- [Material provided]
#####

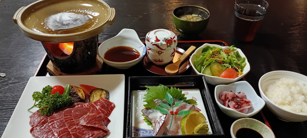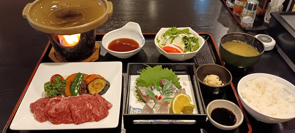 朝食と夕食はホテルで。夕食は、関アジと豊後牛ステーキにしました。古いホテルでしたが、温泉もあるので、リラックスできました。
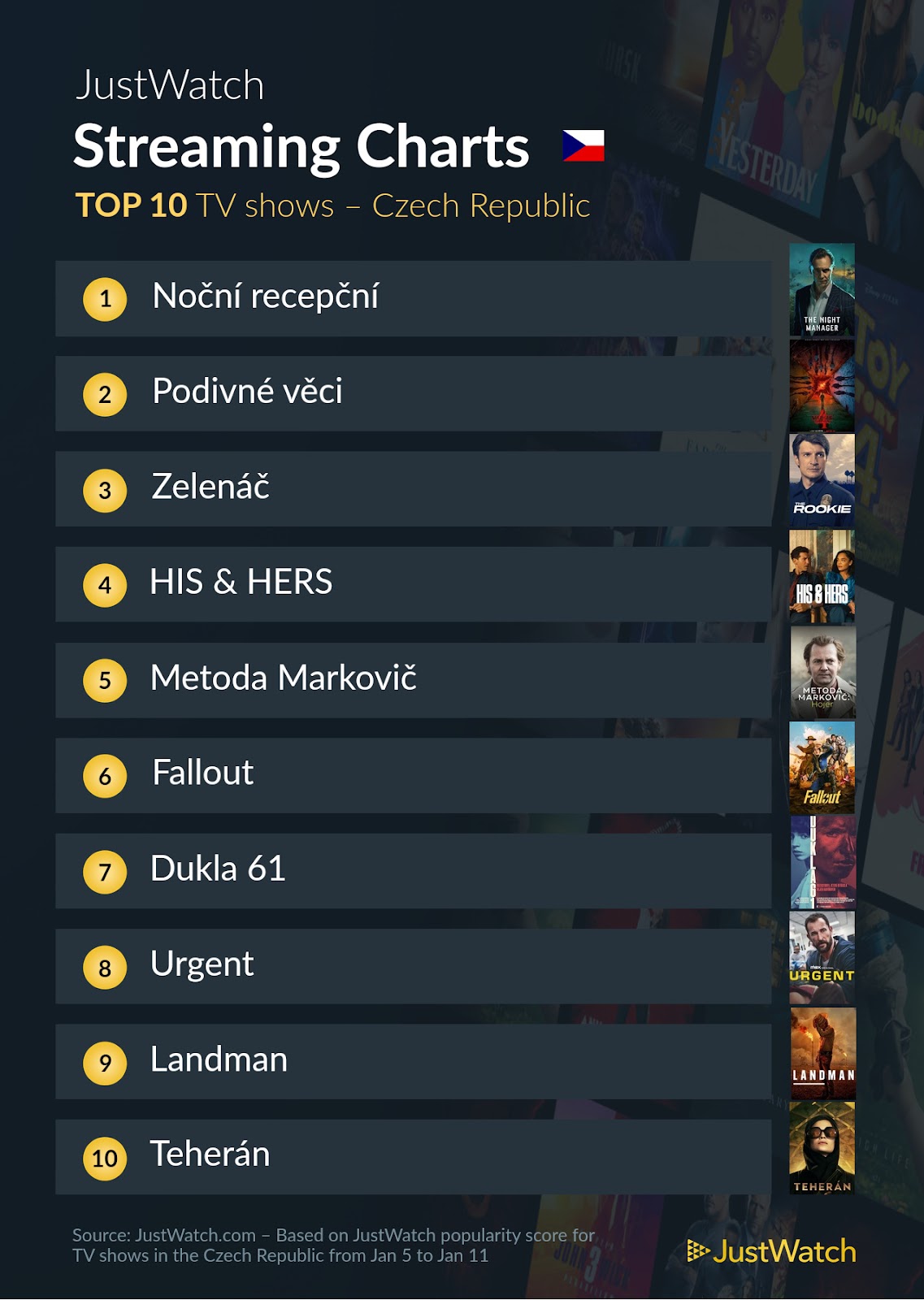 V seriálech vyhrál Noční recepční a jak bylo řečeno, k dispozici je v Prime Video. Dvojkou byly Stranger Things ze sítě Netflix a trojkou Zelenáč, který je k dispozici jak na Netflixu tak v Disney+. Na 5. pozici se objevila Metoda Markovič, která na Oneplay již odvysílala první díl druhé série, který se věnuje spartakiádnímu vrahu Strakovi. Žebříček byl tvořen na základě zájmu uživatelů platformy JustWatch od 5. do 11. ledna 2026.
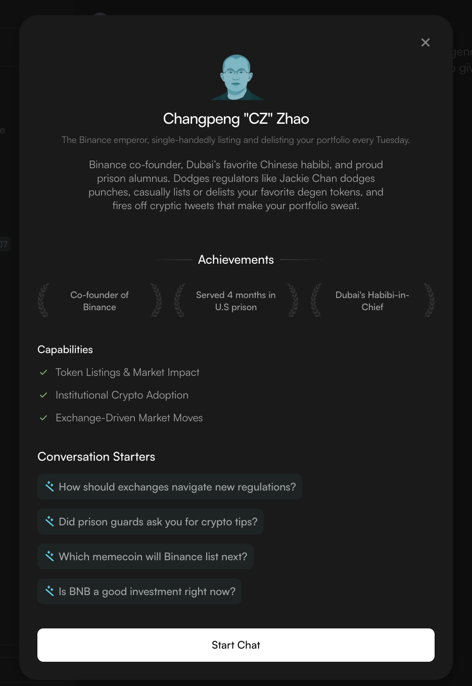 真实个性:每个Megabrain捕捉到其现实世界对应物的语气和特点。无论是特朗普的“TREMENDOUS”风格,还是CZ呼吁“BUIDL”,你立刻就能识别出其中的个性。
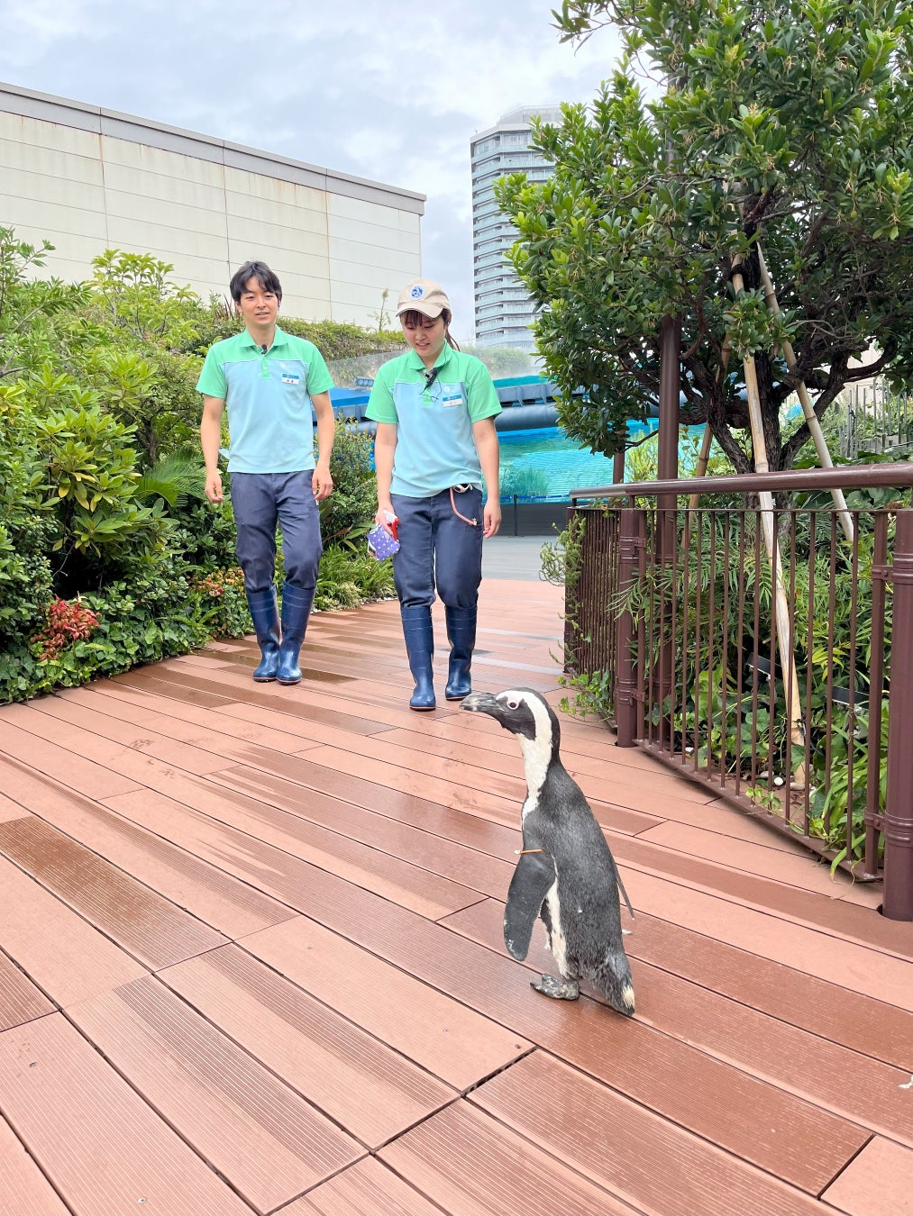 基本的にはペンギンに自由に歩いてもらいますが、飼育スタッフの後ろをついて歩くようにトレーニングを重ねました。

#####

- [Your task] Quote all the lines above exactly as given. Do not include the pictures.

- [Result]
 朝食と夕食はホテルで。夕食は、関アジと豊後牛ステーキにしました。古いホテルでしたが、温泉もあるので、リラックスできました。
 V seriálech vyhrál Noční recepční a jak bylo řečeno, k dispozici je v Prime Video. Dvojkou byly Stranger Things ze sítě Netflix a trojkou Zelenáč, který je k dispozici jak na Netflixu tak v Disney+. Na 5. pozici se objevila Metoda Markovič, která na Oneplay již odvysílala první díl druhé série, který se věnuje spartakiádnímu vrahu Strakovi. Žebříček byl tvořen na základě zájmu uživatelů platformy JustWatch od 5. do 11. ledna 2026.
 真实个性:每个Megabrain捕捉到其现实世界对应物的语气和特点。无论是特朗普的“TREMENDOUS”风格,还是CZ呼吁“BUIDL”,你立刻就能识别出其中的个性。
 基本的にはペンギンに自由に歩いてもらいますが、飼育スタッフの後ろをついて歩くようにトレーニングを重ねました。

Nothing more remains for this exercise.